Yes, it has crossed my mind…

Akzed on June 17, 2013 at 9:34 AM

After Nadler dropped 837 pounds, his starving body digested some of his frontal lobe for nutrition

TexasJew on June 17, 2013 at 10:07 AM

Yet, New Yorkers keep electing idiots like Nadler and Schumer.

bw222 on June 17, 2013 at 12:20 PM

Skywise on June 17, 2013 at 9:04 AM

I found it interesting, too. They never give up, do they?

I’m surprised that Wiki would let facts such as your link above (See also: Federal Writer’s Project) provides to even exist on its site.
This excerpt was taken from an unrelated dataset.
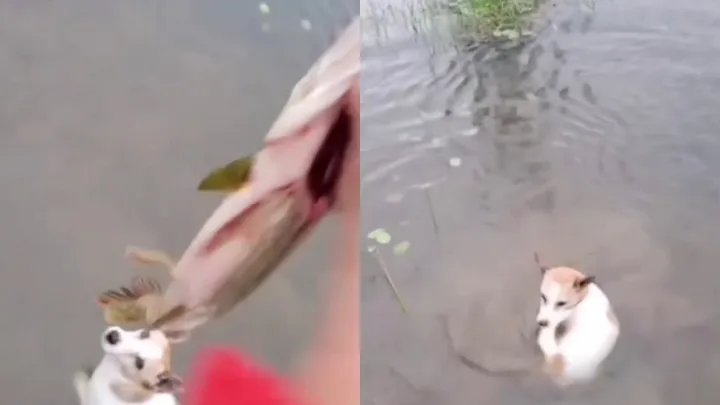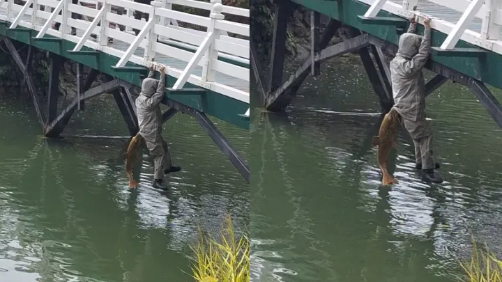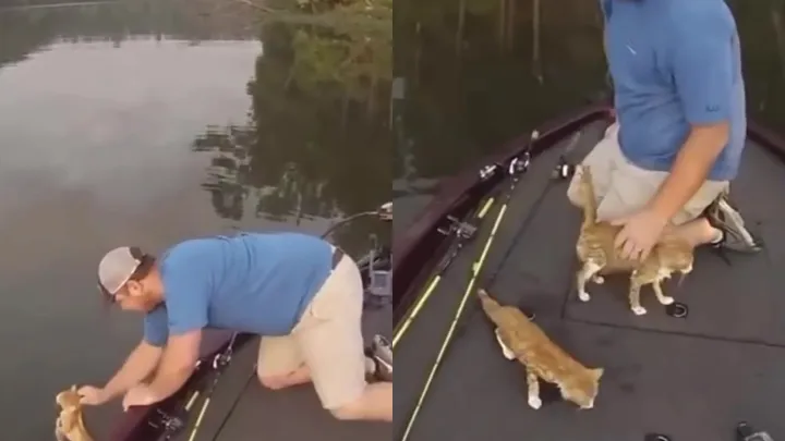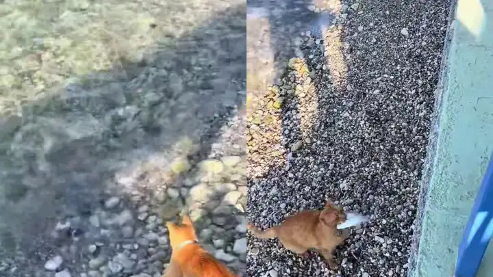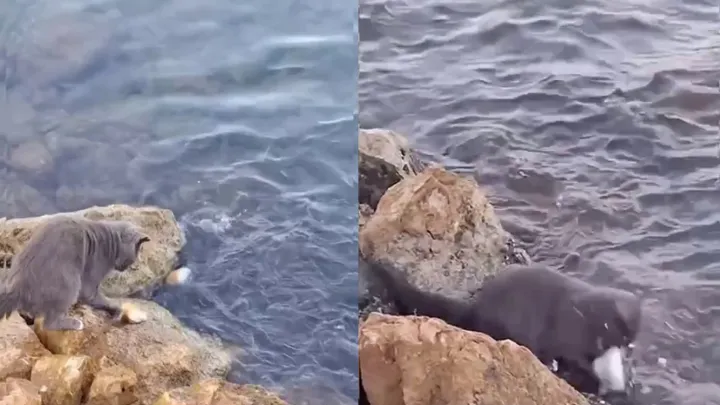 На видео сняли, как котик использует свои охотничьи навыки на рыбалке

I’ve corrected articles in the past (some were about the mess/lies created Governor Blanco during Katrina and even had a copy of her letter she’d sent Bush which asked for the WRONG parishes to get $$, for which he was then blamed by the MSM, Blanco b/c the correct parishes did NOT receiving $$. Then, she sent another letter to cover her butt a few days later when it was too late…can’t remember the timelines/rules involved. There were a number of us at that time of that incident publicly wondered why would she send TWO letters??? Obvious. That letter was the proof that she’d done her job correctly that the MSM ran with. It’s still the proof that Wiki has on their site. Every link, and there were many of the two letters side by side, that I used to prove my case “could not be found”. I found one eventually, but it wasn’t an “approved” link; therefore, when I could not give “accepted” sources, my corrections were erased. Of course, the only “accepted” sources were the MSM.)

I’ve also corrected lies about Palin, which were erased, even gave a link to a letter written by Paul Revere which proved her remarks. That, too, was erased.

Damn the eyes of the MSM and their sycophant followers.